I’ve been praying with the blessing card for several months, but recently decided to share it with Jessica for an end-of-year celebration at her sorority house. The images I had used to create the collage meant something to me, had help me capture a mother’s blessing, but I added these words to share with Jessica. With her permission, I share them here:
As we said your nighttime prayer as a child, our hand on your head, we gave you our blessing. God bless Jessica’s mind, body and spirit. We give you our blessing now for your journey, wherever it takes you. The bond between a baby elephant and its mother is the closest of any animal on earth—this image represents our connectedness as family, no matter the distance between us. In an African village near a Benedictine monastery, it is tradition for a mother to paint her face when her children are growing into adulthood. She hides her emotions and opinions so her children will forge their own paths and make their own decisions without the influence or bias of their parents. Our blessing for you is that you bloom into the Jessica you are meant to be. You have been more precious than jewels to us and we look forward to seeing you become a jewel to the world. We love you and give you our blessing as you fly into your becoming.
Blessing Jessica, as my grown-up child, is a journey of becoming comfortable with the uncertainty and the many possibilities for her future, letting go slowly, surely, courageously. The blessing card is as much a reminder for me as it is for Jessica.
This morning, watching the young girl tenderly embrace her unborn sibling, it reminded me of the vision we had for Jessica before she was even born-that she become fully who God intends her to be. It is a prayerful process, a standing-witness-to the becoming of this young woman, who as an unborn child was welcomed and blessed into this universe so that she could become who she is meant to be. She has our blessing, then and now.
“It takes courage to grow up and become who you really are. -e. e. cummings
For Earth day, I was invited to write an article for the April 2016 SoulCollage® newsletter,SoulCollage® Community Update,reflecting on how creating with images of nature can cultivate a sense of gratitude for God’s creation and, ultimately, impact how we protect our earth’s resources.
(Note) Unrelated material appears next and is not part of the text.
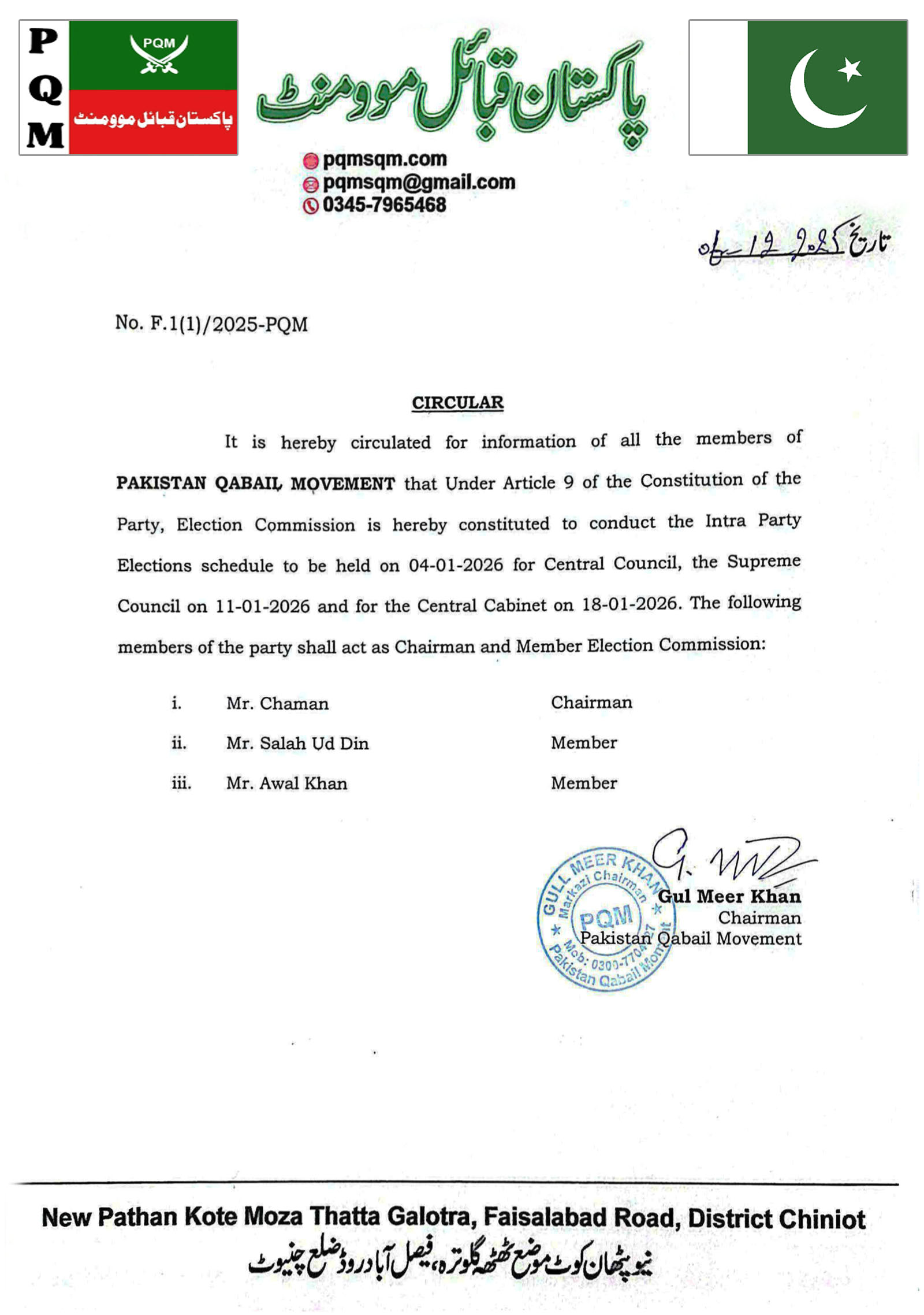 PAKISTAN QABAIL MOVEMENT PARTY PAKISTAN

It’s an honor to share it with SoulFully You readers as well:
As Earth Day (April 22) approaches, I’ve been noticing that images of nature appear in nearly every one of my SoulCollage® cards. Plants and animals, water and fire; the diamond and the rough ground-rugged, rocky, sandy, earthy. Trees-naked and blooming, knotted and gnarled branches. Streams or floods of light and all things celestial-moonrises, sunsets, stars, planets, wide open sky. And every color of the rainbow-red, orange, yellow, green, blue, indigo, violet, and each color in between.
My Fairy World
by Jodi Blazek Gehr
These SoulCollage® pictures have been calling me to stand up, pay attention, listen, prayerfully consider, and take action. They have encouraged me to reflect on my role in creation – how I enrich, nurture and care for our earth and all that draws life from it.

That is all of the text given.